• _Task brief_: Your reply should be the entries, output word for word, with each picture omitted.

• _Material to process_:
==*==

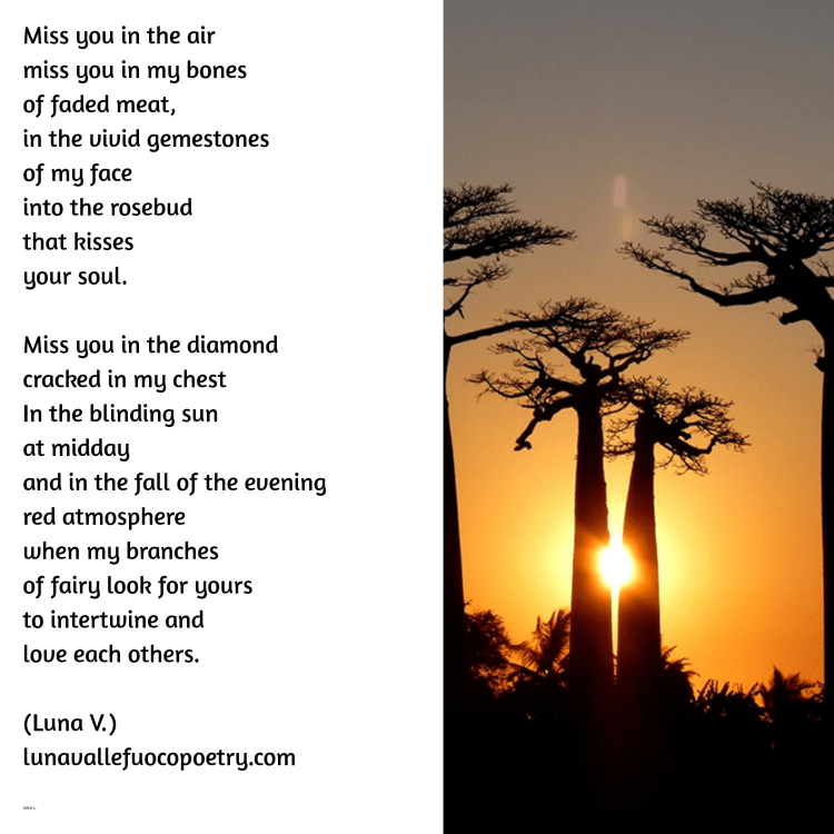 Provate a chiudere gli occhi e a immaginare un mondo senza amore, non potrebbe esistere perché l’amore in tutte le sue forme è la forza motrice e primordiale che smuove il mondo e parlo non solo dell’amore passionale ma anche dell’amore materno, fraterno, amichevole, canino, felino e verso tutti gli animali di tutte le specie possibili e immaginabili come anche l’amore verso i quattro elementi della natura: terra, fuoco, aria e acqua.
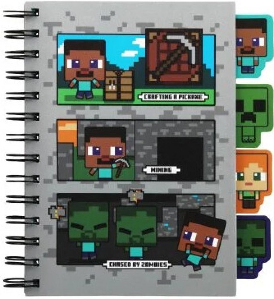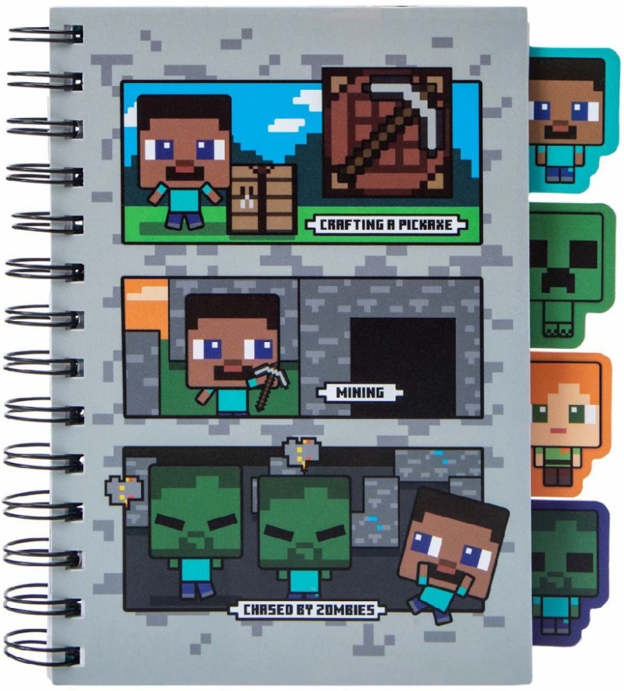 Uvnitř linkovaného zápisníku pro hráče Minecraftu najdeš spoustu místa pro své záznamy a poznámky nejen k herním dobrodružstvím v úžasném světě z kostiček. Zápisník má kroužkovou vazbu a najdeš v něm 4 mobilní oddělovače v podobě Stevea, Alex, Creepera a Zombie. Součástí je také 15 cm dlouhé pravítko.
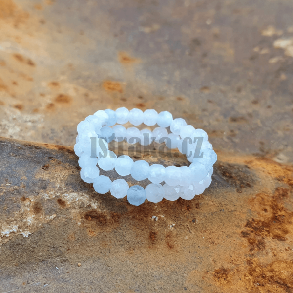 Jemný prsten z přírodního minerálu akvamarín. Kulaté broušené korálky jsou navlečeny na gumičce, takže prstýnek je elastický.
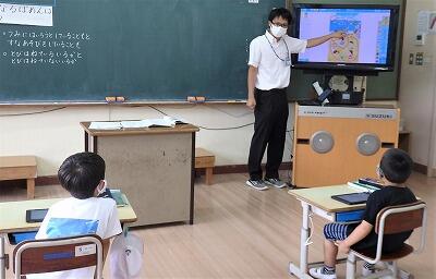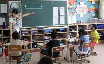 2・3年生は、算数の授業を複式で行っています。学習内容を説明しています。
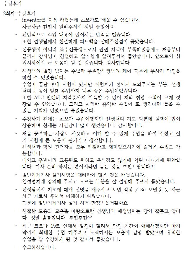 일반기계기사 국비과정 20200310-0507 수강후기 모음

==*==

• _Response box_:
 Provate a chiudere gli occhi e a immaginare un mondo senza amore, non potrebbe esistere perché l’amore in tutte le sue forme è la forza motrice e primordiale che smuove il mondo e parlo non solo dell’amore passionale ma anche dell’amore materno, fraterno, amichevole, canino, felino e verso tutti gli animali di tutte le specie possibili e immaginabili come anche l’amore verso i quattro elementi della natura: terra, fuoco, aria e acqua.
 Uvnitř linkovaného zápisníku pro hráče Minecraftu najdeš spoustu místa pro své záznamy a poznámky nejen k herním dobrodružstvím v úžasném světě z kostiček. Zápisník má kroužkovou vazbu a najdeš v něm 4 mobilní oddělovače v podobě Stevea, Alex, Creepera a Zombie. Součástí je také 15 cm dlouhé pravítko.
 Jemný prsten z přírodního minerálu akvamarín. Kulaté broušené korálky jsou navlečeny na gumičce, takže prstýnek je elastický.
 2・3年生は、算数の授業を複式で行っています。学習内容を説明しています。
 일반기계기사 국비과정 20200310-0507 수강후기 모음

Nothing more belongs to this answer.